The Spanish language, single-sided SDQ version for parents or teachers of children ages 4–17 was employed in this study (see www.sdqinfo.com). The SDQ is comprised of 25 items measured on a three-point Likert-type scale (0 = “not true,” 1 = “partly true,” or 2 = “certainly true”), and rated by the respondent over the past three months. Items are clustered within the five subscales with five items each: Emotional Symptoms, Hyperactivity, Peer Problems, Conduct Problems, and Prosocial Behavior. The Total Difficulties scale (ranging from 0–40) measures overall functioning as a sum of all subscales except Prosocial Behavior (ranging from 0–10). High Total Difficulties scores indicate higher psychiatric difficulties, while higher Prosocial Behavior subscale scores indicate better functioning [7]. In previous research with British samples, the SDQ has shown good Cronbach’s alpha internal consistency (α = 0.73) and good mean retest stability (α = 0.62) [7], as well as good predictive validity [9].
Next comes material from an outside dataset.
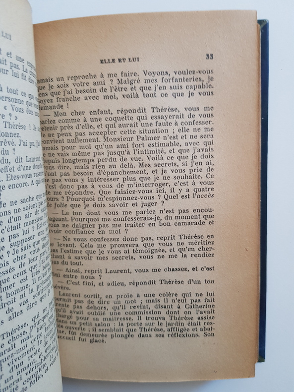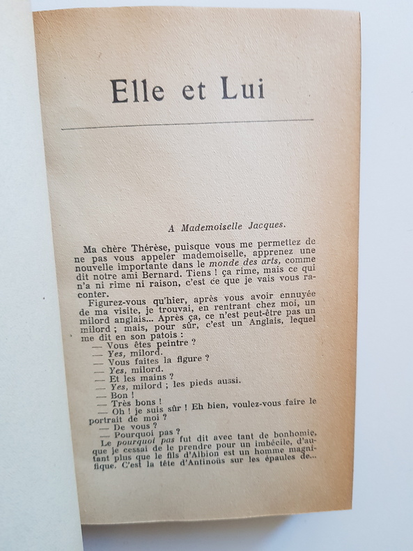 Paris Hachette, Charpentier 1860-1862 1 in douze reliure bien usagée, dos décollé, 311 pp, 238 pp, Relié à la suite : Lui et Elle de P.de Musset (cachet de bibliothèque sur la page de titre ) en édition originale ( pour "Lui et Elle "par Paul de Musset chez Charpentier en 1862,le texte de G.Sand est en seconde édition ,parue un an après l'originale ( 1859)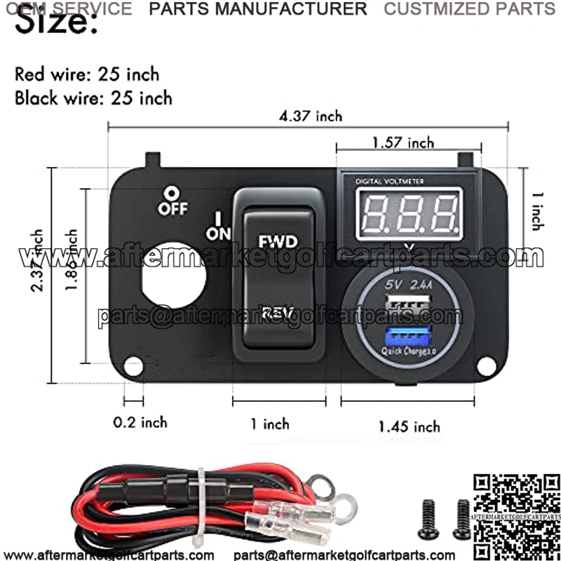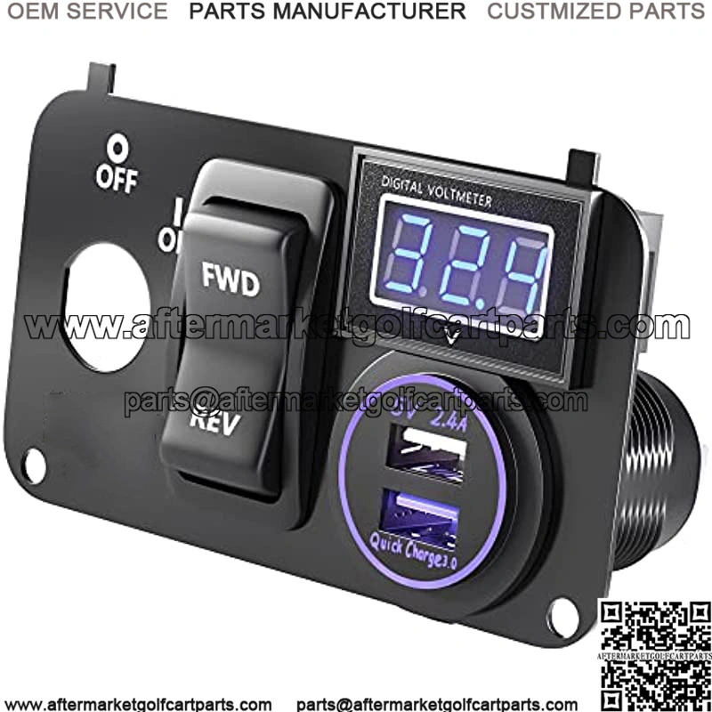 Golf Cart 3 in 1 multifunctional Integrated Panel,Dual USB Charger Socket + LED Digital Voltmeter + Forward Reverse Switch Button

The SDQ was administered alongside surveys on parents’ perceptions of Food for Education program operations and effectiveness. Respondents completed the SDQ in this context given the known links between children’s emotional and behavioral problems and academic performance [60], and that schoolchildren in low- and middle-income countries are often at increased risk for psychosocial problems [61]. In surveys, parents and other caregivers were also asked demographic questions, including the date of birth of the child, respondent gender, child gender, the child’s primary caregiver, municipality in which they lived within the Department of Intibucá, and whether they considered themselves to be members of the indigenous Lenca group.

Data analysis

SDQ data were complete. Analyses were conducted using Mplus Version 7.4 [62] on the Boston College Linux cluster and in R version 3.4.4 [63]. Descriptive statistics reported include univariate and bivariate statistics, as well as polychoric correlations and internal consistency reliability indexes for categorical data. We randomly split our sample into two groups, one in which we conducted EFA, the other in which we confirmed the best fitting EFA model with CFA. Others have performed split sample EFA and CFA analyses when unable to find an acceptable fitting previously identified SDQ model [35, 47]. Ordered categorical data have thresholds rather than intercepts. As such, we applied the recommended weighted least squares means and variance adjusted (WLSMV) estimation for categorical data along with theta parameterization in EFA and CFA [64, 65].

Internal consistency reliability.

As a discrimination index, we present the item-rest correlations for SDQ items based on ordinal alpha (α) [66] for the full sample and male and female respondent and child genders. However, to assess the internal consistency reliability of the standard five-factor SDQ solution, we followed Stone et al. by presenting McDonald’s ω for each factor individually [29, 30], as well as ordinal α [66] like Ortuño-Sierra et al. [34, 35, 39]. We chose to report McDonald’s ω and ordinal α over similar indexes, such as Raykov’s composite reliability for congeneric measures index [67, 68], both to allow for comparison with Stone et al. [29] and Ortuño-Sierra et al. [39], as well as because Widhiarso and Ravand caution against the use of Raykov’s index with categorical data with limited response options, instead recommending the use of indexes that support WLSMV estimation for categorical data [69]. We calculated both ordinal α and McDonald’s ω in R using syntax provided by Gadermann and colleagues [70] and the R “psych” package [71].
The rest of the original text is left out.